Posted: October 29th, 2010 | Author: mikedewar | Filed under: Data Analysis, Philosophy of Data | Tags: analysis, data, dataanalysis, iraq, wikileaks | 17 Comments »
Editors’ Note: While data itself is rarely a source of controversy, dataists.com supports pursuing a data-centric view of conflict. Here, Mike Dewar examines the Wikileaks Iraq war documents with sobering results. Hackers should note the link to his source code and methods at the end of the post.

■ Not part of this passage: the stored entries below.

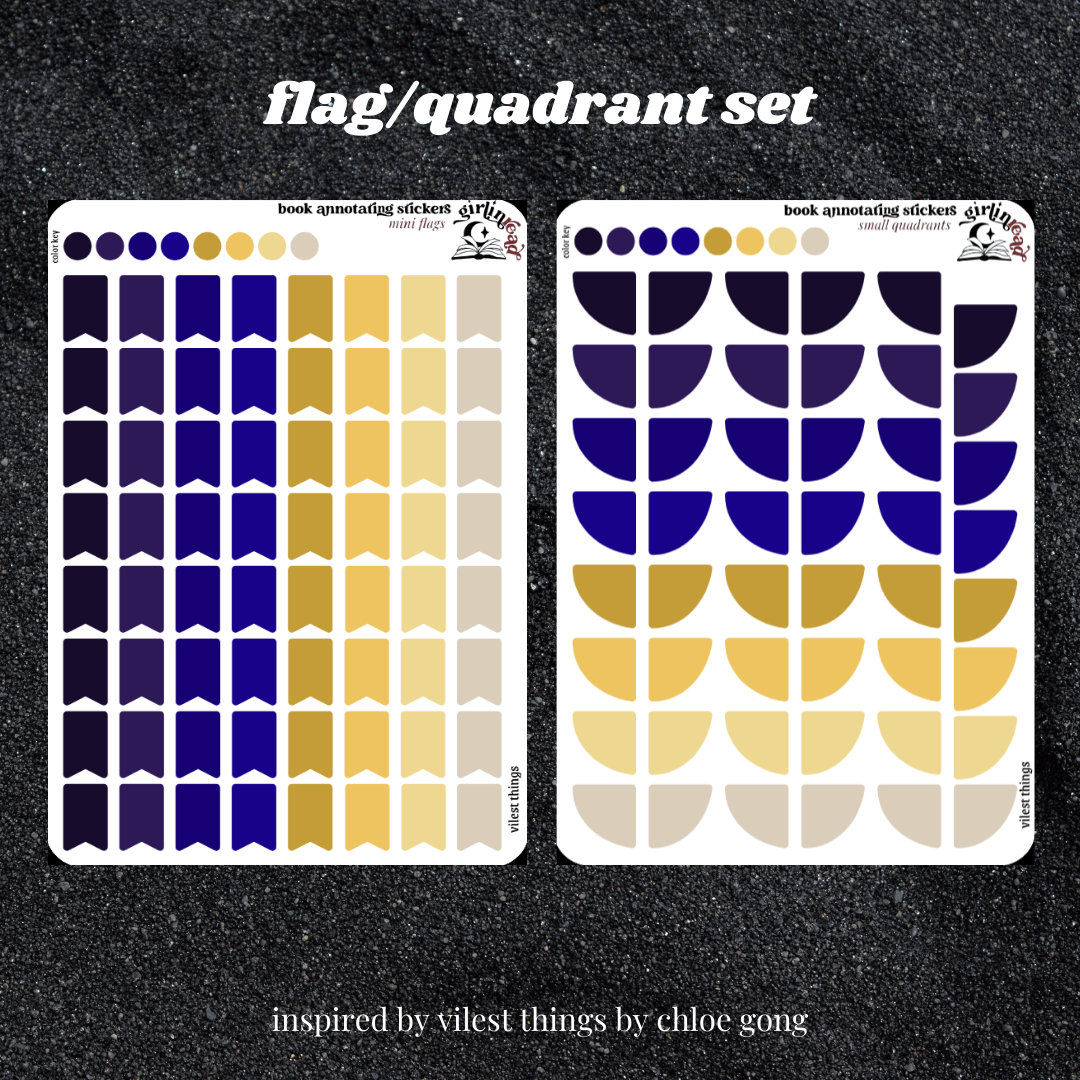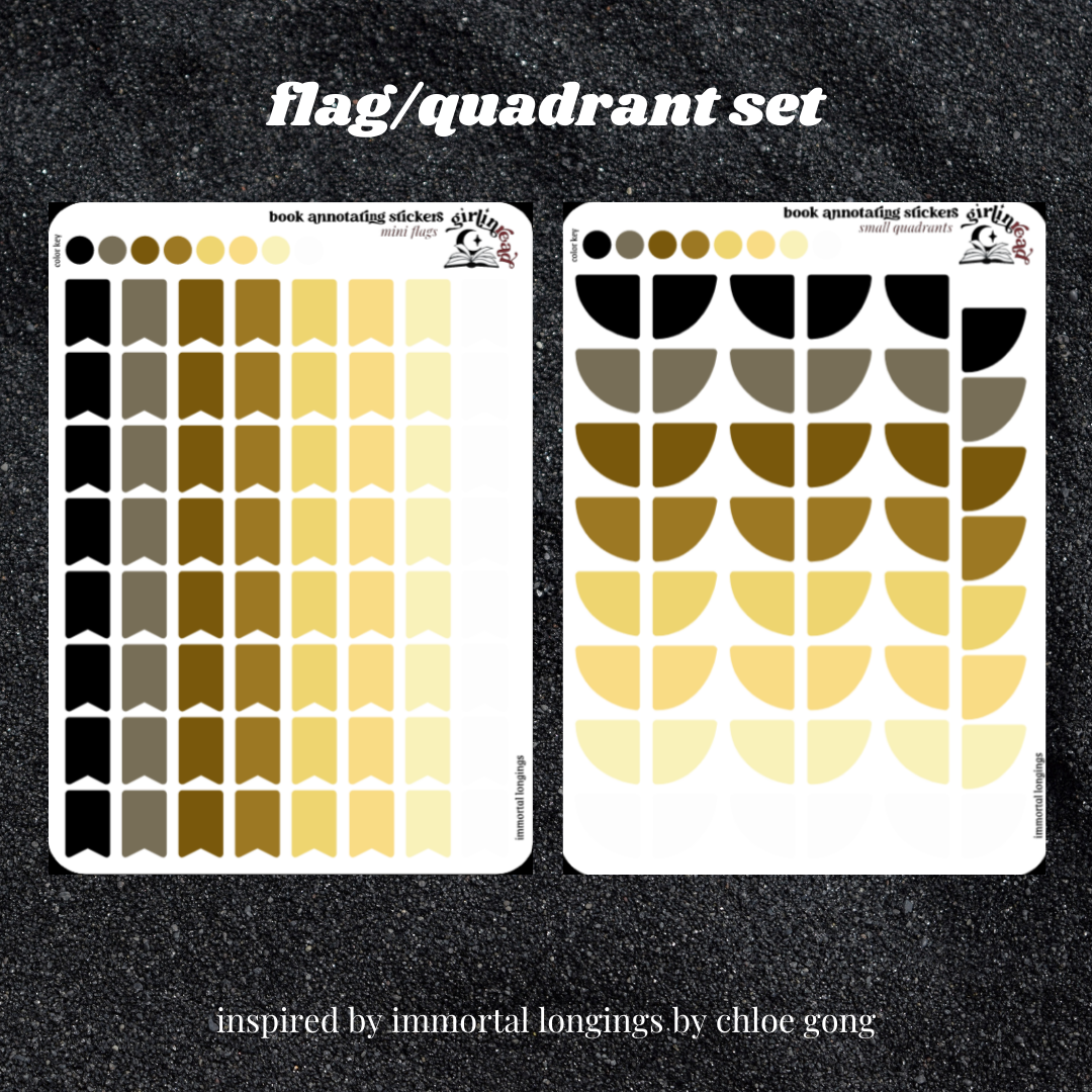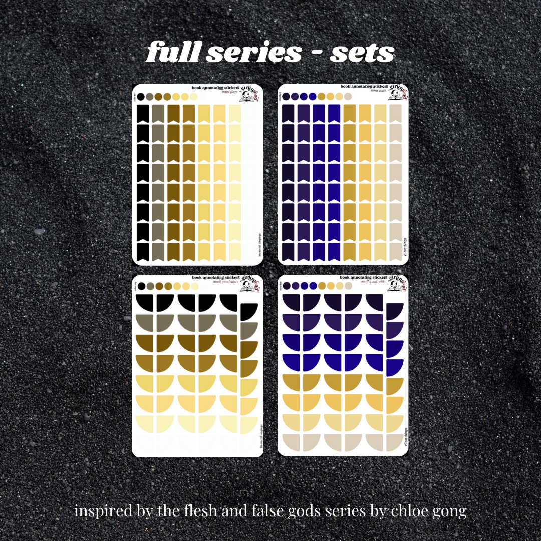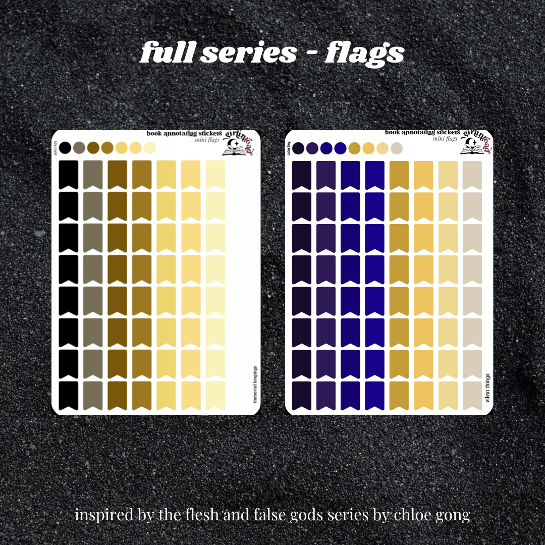 book annotating tabs in the color palette inspired by the book covers for the flesh and false gods series (immortal longings, vilest things)! can be placed in the book you're annotating, your planner, your journal, your reading log, etc.!
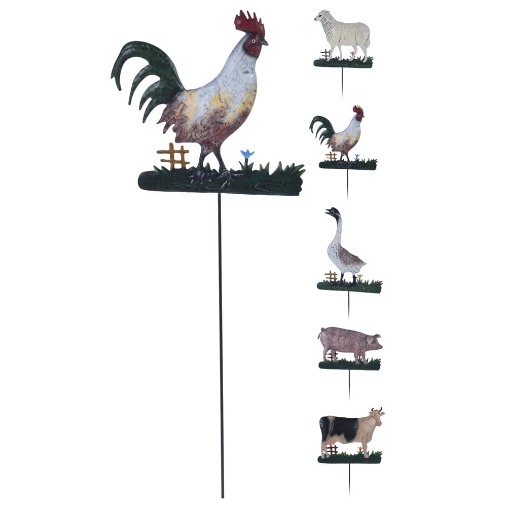 Shtoni këtë zbukurues shumëngjyrësh në gjelbërimin tuaj të preferuar për të mirëpritur vizitorët në kopështin tuaj në një stil ndryshe plot ngjyra. Kafshët e fermës kanë një konstruksion të fortë metali, ngjyra të ndryshme, dhe një shkop që mund ta vendosni në vazo ose kopësht. Është një mënyrë e sigurt për të përmirësuar dekorin tuaj në natyrë.
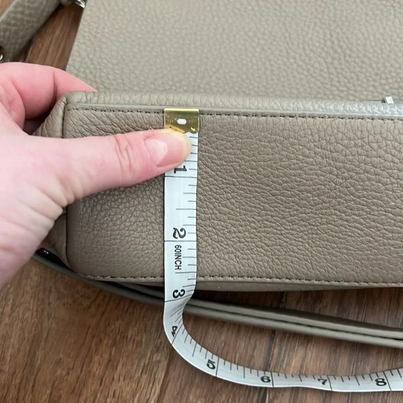 Strap is adjustable to two lengths: 27” or 44”Like new no flaws, see imagesColor is a sandy gray
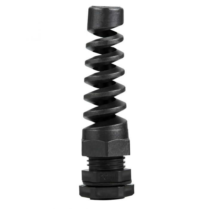The AVARTEK PG11 spiral cable gland is designed to accommodate 5mm to 10mm cables, providing superior mechanical protection and waterproof sealing in challenging environments. The spiral tail prevents excessive strain and protects wiring from tension and bending damage.
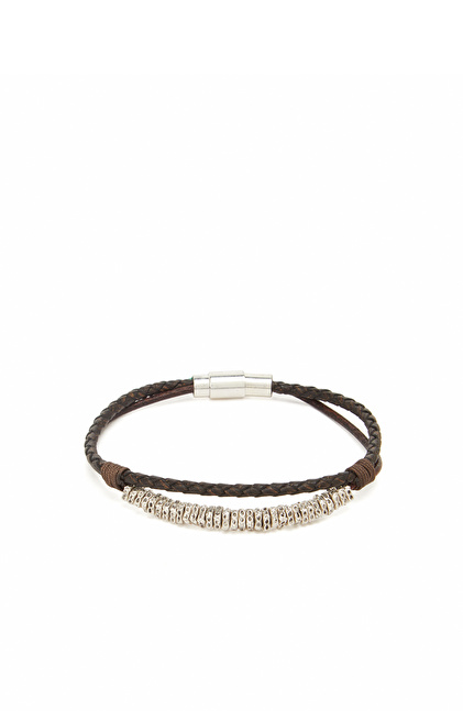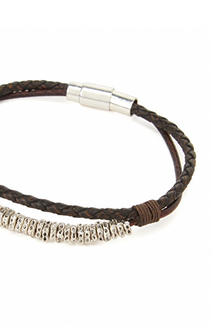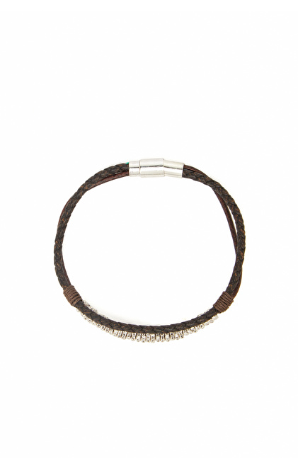 Siyah Erkek Deri Karışımlı Bileklik
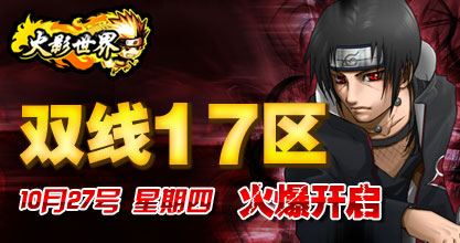 37wan超人气动漫横版网页游戏《火影世界》即将于10月27日12:00火爆开启双线17服。《火影世界》是一款横版动漫题材即时忍术动作类的Q版网页游戏,游戏融合了忍者文化精髓,集合了追踪、侦察、谍报、护送、暗杀等多方面的内容,忍术技能炫目华丽,精彩目不暇接。神秘忍界的极致画面,让你体验漫画中忍术打斗所带来的空前刺激,享受PK的快感!喜迎新服开启,系列精彩活动重磅出击,更多精彩内容助你轻松闯荡火影的世界!
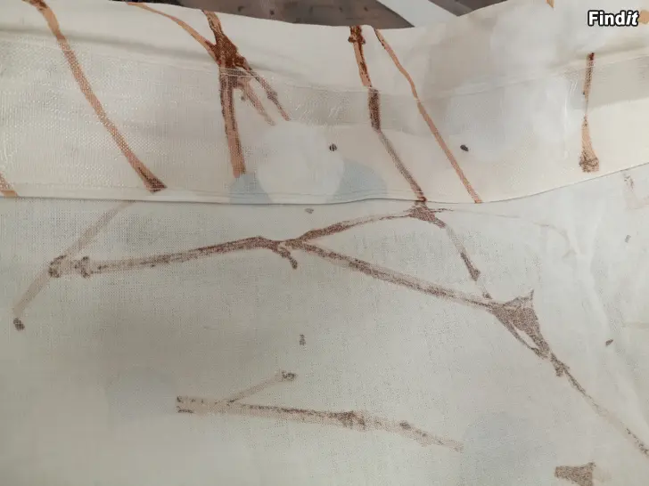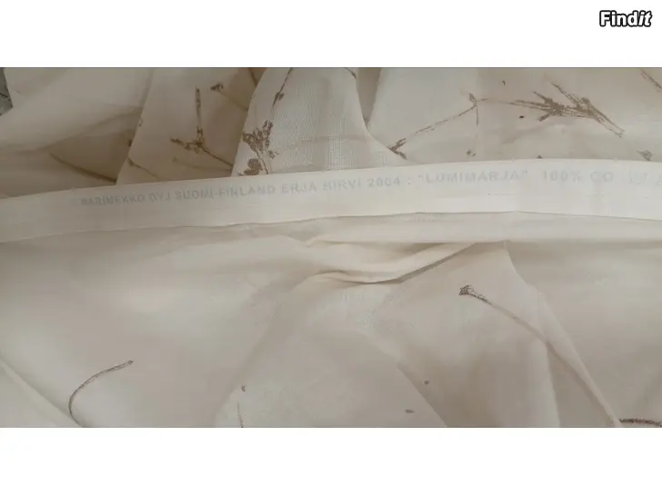 Marimekon Lumimarja kankaasta ommeltu verho.
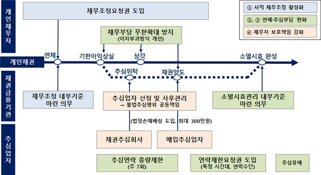금융당국 관계자는 "채무자의 권익을 증진하고 신속한 재기를 지원하고, 장기적으로 금융회사는 장기적인 회수가치도 제고되는 '상생의 선순환 구조가 형성'될 것"이라며 "이달 중 국회에 제출할 예정으로 국회 의결 시 공포 후 1년이 경과한 날부터 시행될 예정"이라고 말했다.
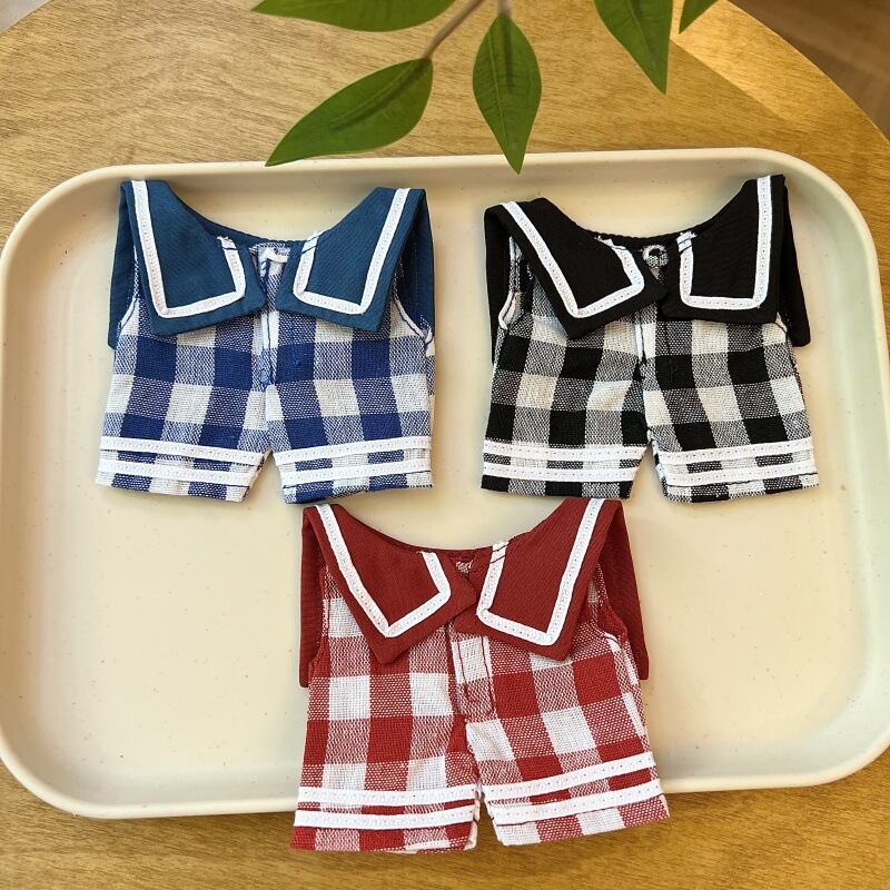 Labubu 1〜3代対応 セーラー風 チェック柄 ロンパース ぬいぐるみ着せ替え アクセサリー 全3色
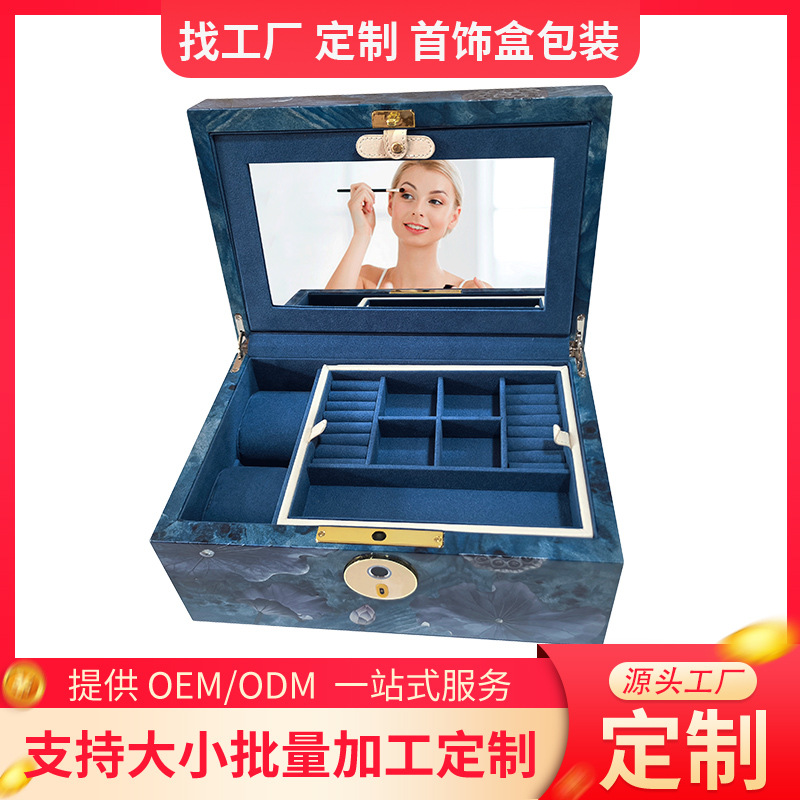 High-End Jewelry Box with Lock, Retro Chinese Style Three-Gold Flip Jewelry Box, Solid Wood Jewelry Storage Box, Custom Factory
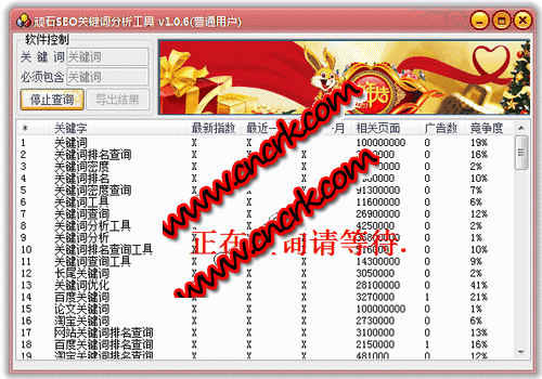 顽石SEO关键词分析工具 V106 简体中文绿色免费版 顽石seo关键词分析工具主要用于获取某个词的相关词及长尾词,然后分析百度指数、关键词竞争度、及收录百度收录页面数。
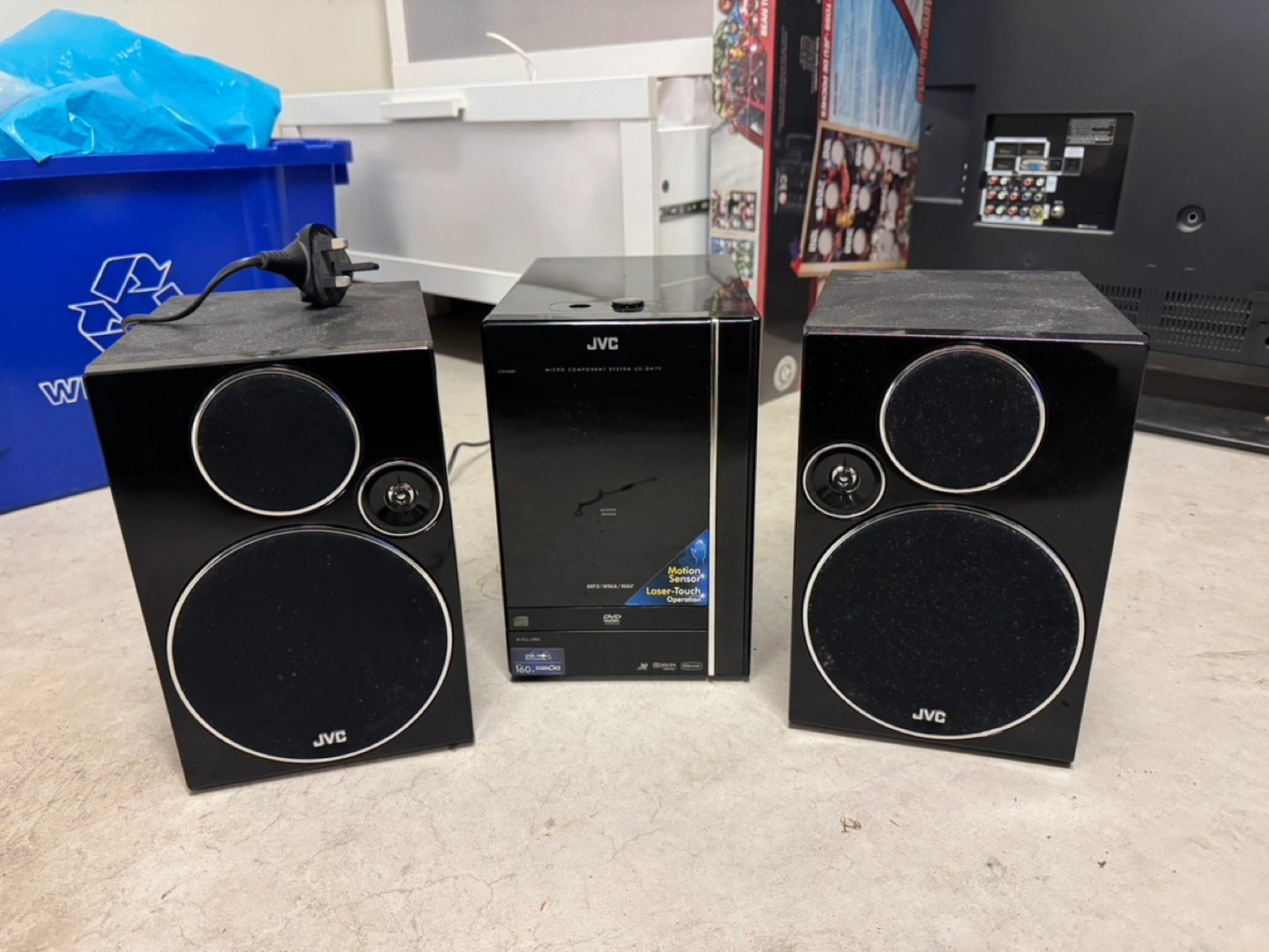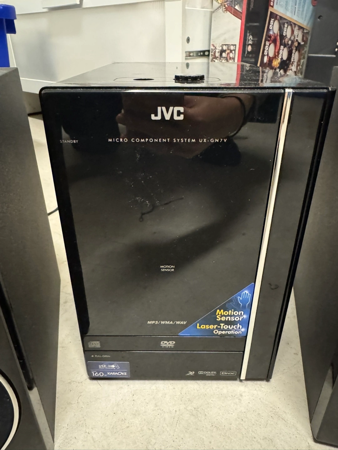 JVC Micro Component System Model UX-GN7V. Includes two speakers. Plays DVDs, MP3s, WMAs, and WAV files. It works totally fine and clean but it has UK/HK plug to use.

…any man’s death diminishes me, because I am involved in mankind, and therefore never send to know for whom the bell tolls; it tolls for thee.” — John Donne, Meditation XVII
The Iraq War logs recently released by Wikileaks are contained in a 371729121 byte CSV file. It contains 390849 rows and 34 columns. The columns contain dates, locations, reports, category information and counts of the killed and wounded. The date range of the events spans from 2004-11-06 12:37:00 to 2009-04-23 12:30:00, and the events are located within the bounding box defined by (22.5,22.4), (49.6,51.8). Row 4 describes a female walking into a crowd and detonating the explosives and ball bearings she was wrapped in, killing 35 and wounding 36. Searching for events mentioning `ball bearing’ returns 503 events.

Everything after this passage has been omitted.